━━ Raw data

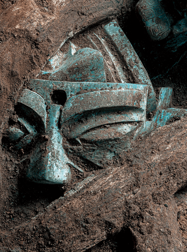 三星堆遗址3号坑出土的青铜面具(四川省文物考古研究院三星堆研究院供图余嘉摄)
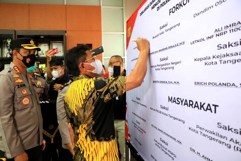 Wakil Wali Kota Tangerang H. Sachrudin hadir dalam Deklarasi Dukungan Penguatan Pembangunan Zona Integritas berlokasi di Aula Polres Metro Tangerang Kota, Kamis (16/06).
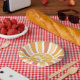 Die sonnengelbe Babydusche kommt hier. Pappteller
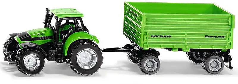SIKU 1606 DEUTZ-FAHR mit Fortuna 2-Achs Anhänger Detailliertes Spielzeugmodell eines Deutz-Fahr Agrotron 265-Traktors mit Anhänger von Fortuna zum Spielen und Sammeln, Für kleine und große Landwirtschafts-Fans - Robustes und stabiles Design dank Metallkarosser...
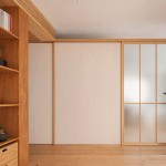 LDKは専用庭に面した南側にリビング、そこから玄関へのサブ動線上にキッチンを二型に設けている。北側玄関からは左斜めに走る板壁のメイン動線にトイレと洗面、脱衣室のみを隣接させた浴室があり、住戸東側を寝室、ウォークイン、将来家具で仕切ることで分割できる子供室を配置、廊下との間を6枚の引戸で仕切ることでライフスタイルの変化にフレキシブルに対応できるようにしている。
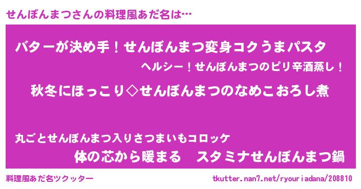 | 男性向けラノベタイトル風あだ名 | 『せんぼんまつに滅ぼされるだけの簡単なお仕事です』 |
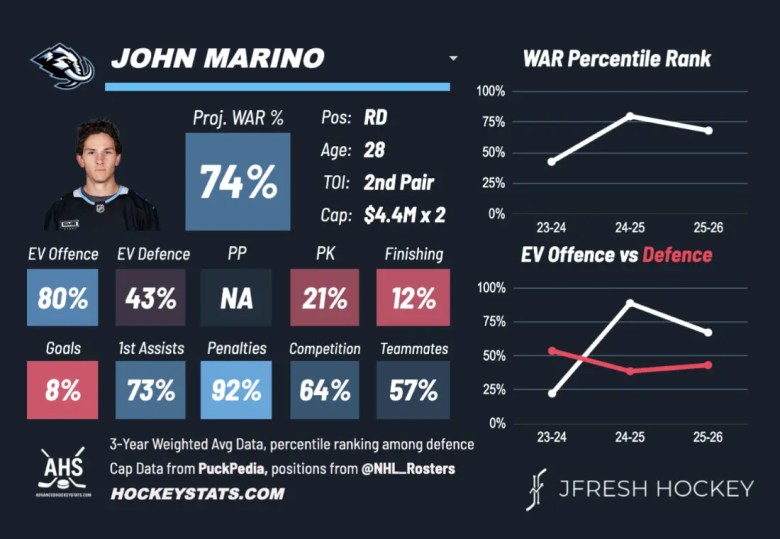 In Pittsburgh, Marino played with Marcus Petttersson every year. In 2019–20, the pair had a 51 xG%, a 52.3% in 20/21 and a 52.71 xG%.
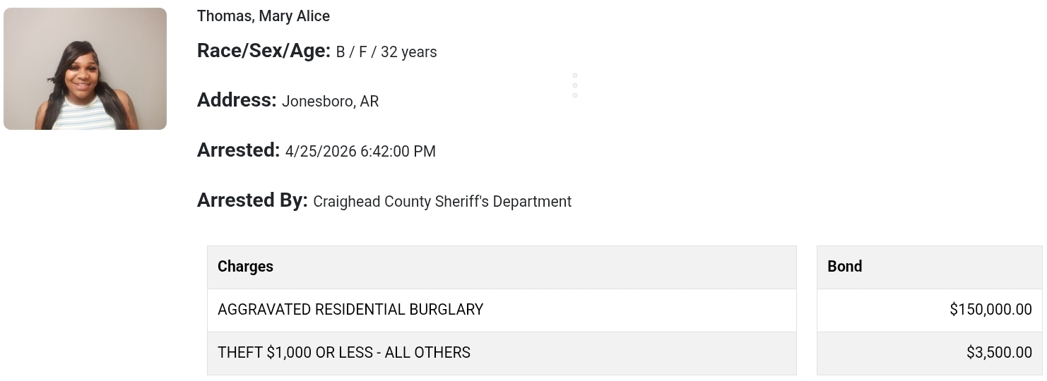 Thomas was arrested on April 25, according to the Craighead County Sheriff’s Office jail roster. She appeared the following Monday in front of District Judge Tommy Fowler. He found probable cause to charge her with aggravated residential burglary (Class Y felony) and third-degree battery/purpose of causing injury (Class A misdemeanor).
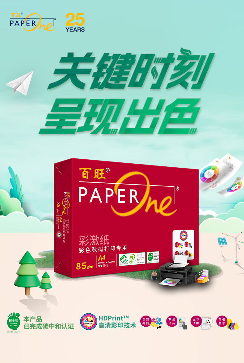 百旺亚太森博 红百旺A4打印纸 85g克500张*5包 纸张洁白复印纸 合同标书彩打纸 整箱2500张【尊享款】 自营
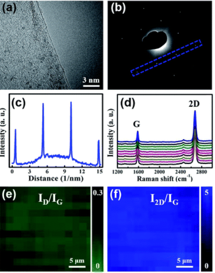 Fig. 3 (a)單晶石墨烯薄膜HRTEM圖。(b)從單晶石墨烯薄膜的隨機區域中保存的圖形。(c)沿b圖中線的衍射點強度。(d)來自10個隨機位置的拉曼光譜和(e,f)單晶石墨烯膜的D/G和2D/G峰強度比的拉曼映射圖。
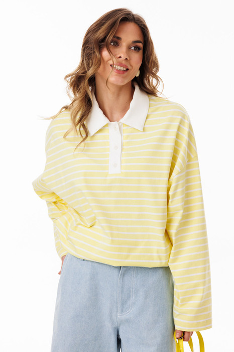 Джемпер выполнен из трикотажного полотна в полоску. Джемпер прямого силуэта, покроя oversize. Длиной до линии бедер. По переду обработана застежка на планке от горловины до линии груди. Горловина округлой формы, обработана воротником рубашечной формы. Плечевой шов удлинен. Рукав рубашечного покроя, одношовный. Планки и воротник выполнены из однотонного трикотажного полотна.
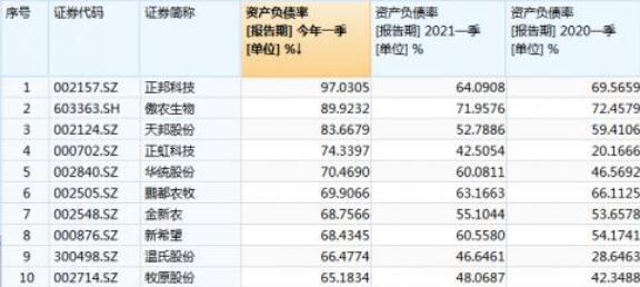 今年6月初正邦科技曝出5亿元商票逾期时,21世纪经济报道曾指出,一季度末正邦科技资产负债率达到97%,而同期上市猪企中,负债率仅次于正邦科技的正是傲农生物、天邦股份,当期两家负债率分别为89.9%和83.7%。
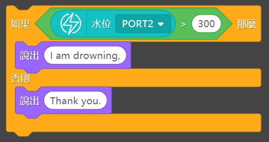 這是一塊水位雨水測試魔塊,它可以測量水位高低和是否有雨滴,水位越高數值越大。
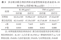 治疗前,两组患者的血清炎症因子(IL-18和TNF-α)水平差异均无统计学意义(均P>0.05)。治疗后,两组患者的血清IL-18和TNF-α水平均低于治疗前(均P<0.05),联合给药组血清IL-18和TNF-α水平均低于对照组(均P<0.05)。(表3)

━━━━

[How to complete this task]: If a picture appears among the records, leave it out, and otherwise reproduce exactly every line from the first line through the one with "In Pittsburgh, Marino", both included.

[Answer to the problem]:
 三星堆遗址3号坑出土的青铜面具(四川省文物考古研究院三星堆研究院供图余嘉摄)
 Wakil Wali Kota Tangerang H. Sachrudin hadir dalam Deklarasi Dukungan Penguatan Pembangunan Zona Integritas berlokasi di Aula Polres Metro Tangerang Kota, Kamis (16/06).
 Die sonnengelbe Babydusche kommt hier. Pappteller
SIKU 1606 DEUTZ-FAHR mit Fortuna 2-Achs Anhänger Detailliertes Spielzeugmodell eines Deutz-Fahr Agrotron 265-Traktors mit Anhänger von Fortuna zum Spielen und Sammeln, Für kleine und große Landwirtschafts-Fans - Robustes und stabiles Design dank Metallkarosser...
 LDKは専用庭に面した南側にリビング、そこから玄関へのサブ動線上にキッチンを二型に設けている。北側玄関からは左斜めに走る板壁のメイン動線にトイレと洗面、脱衣室のみを隣接させた浴室があり、住戸東側を寝室、ウォークイン、将来家具で仕切ることで分割できる子供室を配置、廊下との間を6枚の引戸で仕切ることでライフスタイルの変化にフレキシブルに対応できるようにしている。
 | 男性向けラノベタイトル風あだ名 | 『せんぼんまつに滅ぼされるだけの簡単なお仕事です』 |
 In Pittsburgh, Marino played with Marcus Petttersson every year. In 2019–20, the pair had a 51 xG%, a 52.3% in 20/21 and a 52.71 xG%.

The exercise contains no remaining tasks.